The lunch feast |
Starting a company in a foreign land is not easy, especially when you have to battle floods, riots, more floods and sneaky amnesty proposals. Just click the link of the right-hand bar under the label "Working in Thailand" and you will see some of the difficulties I have faced over the past 2 years.
That said, taking care of a company on your own does have its perks too. At least I can run it the way I feel a proper company should be run, treat customers the way they rightfully deserve, and most importantly, build up a team of people who will give their heart for a common cause and collectively reap rewards from it. Though I made my fair share of mistakes (and will continue to make them), the decision to provide free rice, condiments, rice cooker and electric stove has proven to be a masterstroke, one that is making me very satisfied indeed.

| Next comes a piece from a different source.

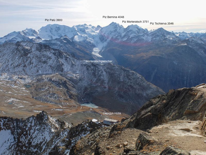 Im Süden wird die Sache schon einfacher, denn da liegt die Berninagruppe mit Morteratschgletscher:
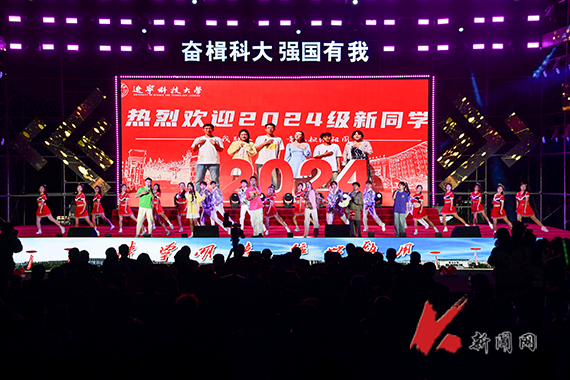 文艺晚会主题为“奋楫科大·强国有我”,分为“炫舞青春”和“燃梦未来”两个篇章。在激动人心的倒计时和炫彩灯光秀后,研究生、留学生、藏族学生代表和校彩虹啦啦操队一同登台,伴随着悦动的旋律,歌舞《让我们一起出发》尽显九游在线官网_九游(中国)学子的青春活力风采;曲艺说唱《这一方热土》,唱出了鞍山的厚重历史、地域文化和钢铁特色,描绘出了九游在线官网_九游(中国)人接续奋斗、为国奉献钢筋铁骨的生动画卷;由博士教师组合演唱的歌曲《天地龙鳞》雄浑豪迈、大气磅礴,唱出了中华民族自强不屈的精神血脉,更唱出了新时代中华儿女奋力推进强国建设、民族复兴伟业的坚强意志和美好愿望;创意表演《沧海一声笑》,融合戏曲、武术、说唱元素,让人耳目一新;由经法学院新生刘舒扬及家长演唱的歌曲《花开忘忧》唱出了母爱的无私伟大,也用歌声代表2024级新生为身在远方的父母送去了惦念和祝愿;街舞《青春未来式》节奏动感、张力十足;国风歌舞《昨夜小楼又东风》如诗如画,尽显国风之美;由筑梦合唱团和军训教官表演的《强国有我》激情澎湃,青春热血;相声《大风车》带领2024级新生秒回童年,现场笑声掌声此起彼伏。

20baht per head (the rice is free) for this spread of authentic thai food, beat that |
The picture above is a typical lunch at my office. Clockwise from the top left is Thai spicy sauce (a condiment to go with the food/rice), Thai red curry chicken with pumpkin, spicy catfish stirfry, spicy pork stirfry with long beans and basil, TES-cooked smoked fish soup (my staff cooked it with smoked fish made by another staff's mom) and finally deep-fried pork strips with garlic. Everyone would take turns to bring their favourite ingredients and even cook their best dishes to share with the company.
The best thing is actually not the food. It's the camaradarie built when everyone sits down around the same table, waiting for each other to be ready before tucking in, laughing together, refilling rice for each other when one has an empty plate. That's the best part. I'm not well-versed in Thai, but I sort of get most of the jokes made and contribute my own once in a while. I most fondly remember joining 4 Thai words together "Kin-Lao-Ro-Dai" (which means "drink whisky and wait for your death") which lightened the mood when everyone was worried about the floods a few weeks ago (I guess they just did not expect this chain of words to come out of my Malaysian mouth). They are still talking about it till this day.
TES family tucking in |
The food isn't always spectacular, sometimes it does not suit my palate and I end up just having rice with omelette, but the warmth in my heart keeps me going for the rest of the day.